Posters telling people not to be aggressive towards staff are commonplace in many organisations - the post office, train stations and yes, even hospitals.

It seems shocking that the one place where staff are under enormous stress - life and death type stress - and struggling to look after people that they should be subjected to spitting, swearing and physical assault. That was a view echoed by Simon Burns, the health minister who came to support the launch of the proposed redesign of A&Edepartments to reduce violence towards patients and staff at the Design Council last week.

The project involved frontline NHS staff in three pilot trusts, design experts, psychologists and behaviourists to understand the problem and try to fix it.

It did what many staff can’t do - look at the environment from the perspective of an anxious relative, or patients who are confused or intoxicated, or just frustrated by waiting.

The project has been applauded for its simplicity in redefining signage and making the wait more tolerable for patients by providing more information about when they’ll be seen, but it has also built in a greater degree of support for staff witnessing such events.

The nurses from the University Hospital Southampton Foundation Trust pilot said they had become accustomed to “low-level aggression”, and didn’t really see it as a problem. But by recognising it, challenging it and changing it, they had made A&E a safer place.

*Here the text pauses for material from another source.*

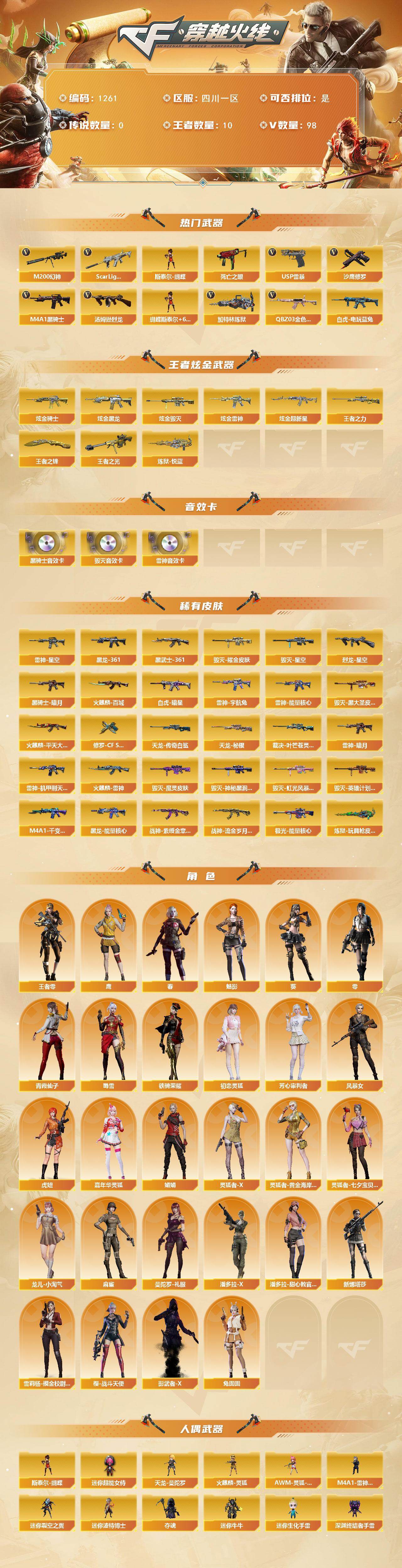 [16249637]四川一区-98v-10王者-9炫金 【热门武器】:q03-金色蔷薇,scar light-白虎,m200-幻神2,死亡之眼,白虎-电玩蓝兔,m4a1-黑骑士,汤姆逊-烈龙6,加特林-炼狱4,斯泰尔-蝴蝶,usp-雷暴,沙鹰-修罗2 【王者炫金武器】:王者之光3,王者之力,炼狱-悦蓝,王者之锋,炫金骑士2,炫金黑龙,炫金雷神,炫金超新星,炫金毁灭4 【音效卡】:m4a1-雷神音效卡,m4a1-黑骑士音效卡,barrett-毁灭音效卡 【皮肤】:scar light-白虎-暗星,裁决-叶芒苍灵 皮肤,烈龙-星空,雷神-暗月,雷神-能量核心,雷神-星空,雷神-机甲刑天皮肤,雷神-宇航兔皮肤,火麒麟-雷神,火麒麟-平天大圣2,火麒麟-百城,毁灭耀金皮肤,毁灭-星空,毁灭-黑大圣皮肤,毁灭-魔灵皮肤,毁灭-神秘黑洞皮肤,毁灭-虹光风暴 皮肤,毁灭-英雄计划 皮肤,m4a1-千变-孔明皮肤,黑龙-能量核心,m4a1-黑龙-361,黑骑士-暗月,ak47-黑武士-361,战神-紫绶金章皮肤,战神-流金岁月皮肤,天龙-秘银,awm-天龙-传奇白鲨,极光-能量核心,炼狱-玩具呛皮肤,修罗-cf star 【角色】:零,葵,魅影,春,鹰,王者-零,初恋灵狐,芳心审判者,风暴女2,虎妞,嘉年华灵狐,娟娟,灵狐者-x,灵狐者-黄金海岸,灵狐者-七夕宝贝,龙儿-小淘气,麻雀,曼陀罗-礼服,潘多拉-x,潘多拉-甜心教官,青霞仙子,蜀雪,铁骑荣耀,兔囡囡,新娜塔莎,雪莉杨-摸金校尉,樱-战斗天使,影武者-x 【人偶武器】:天龙-曼陀罗,火麒麟-灵狐,m4a1-雷神-精英刀锋2,斯泰尔-蝴蝶,awm-灵狐-15周年嘉年华,迷你裂空之翼,迷你波特博士,夺魂2,迷你牛牛,迷你生化手蕾,深渊终结者手蕾,迷你超能女侍 【暴走生化】:死亡之眼,超级对讲机 【挑战大师】:暴君乱世-超越max,神圣爆裂者iii,冰龙粉碎者-白马银呛3,激光毁灭者iii-白马银呛2,激光毁灭者iii,试炼破坏者iii,阐释者iii2 【英雄级武器】:ak47-火麒麟2,m4a1-黑龙5,m4a1-雷神3,m4a1-黑骑士,m4a1-死神2,ak47-黑武士,ak12-天启,an94-超新星,ak47-机械迷城,ak47-黑鲨5,m4a1-龙血,ak47-雷暴,scar light-白虎

Nurses are typically resilient and stoical, dismissing bad behaviour as part of their job. But this project shows shrugging off the problem is not the best solution. Nurses have the knowledge to make a difference, now they need the confidence to say enough is enough.

  • 41 Comments

Readers' comments (41)

  • Anonymous | 4-Dec-2011 7:54 pm

    "quite correct but what is being done about it to change the attitudes of the public if, as you point out, all the information is readily available to them."

    What would you suggest? Perhaps the lack of consequences has something to do with it.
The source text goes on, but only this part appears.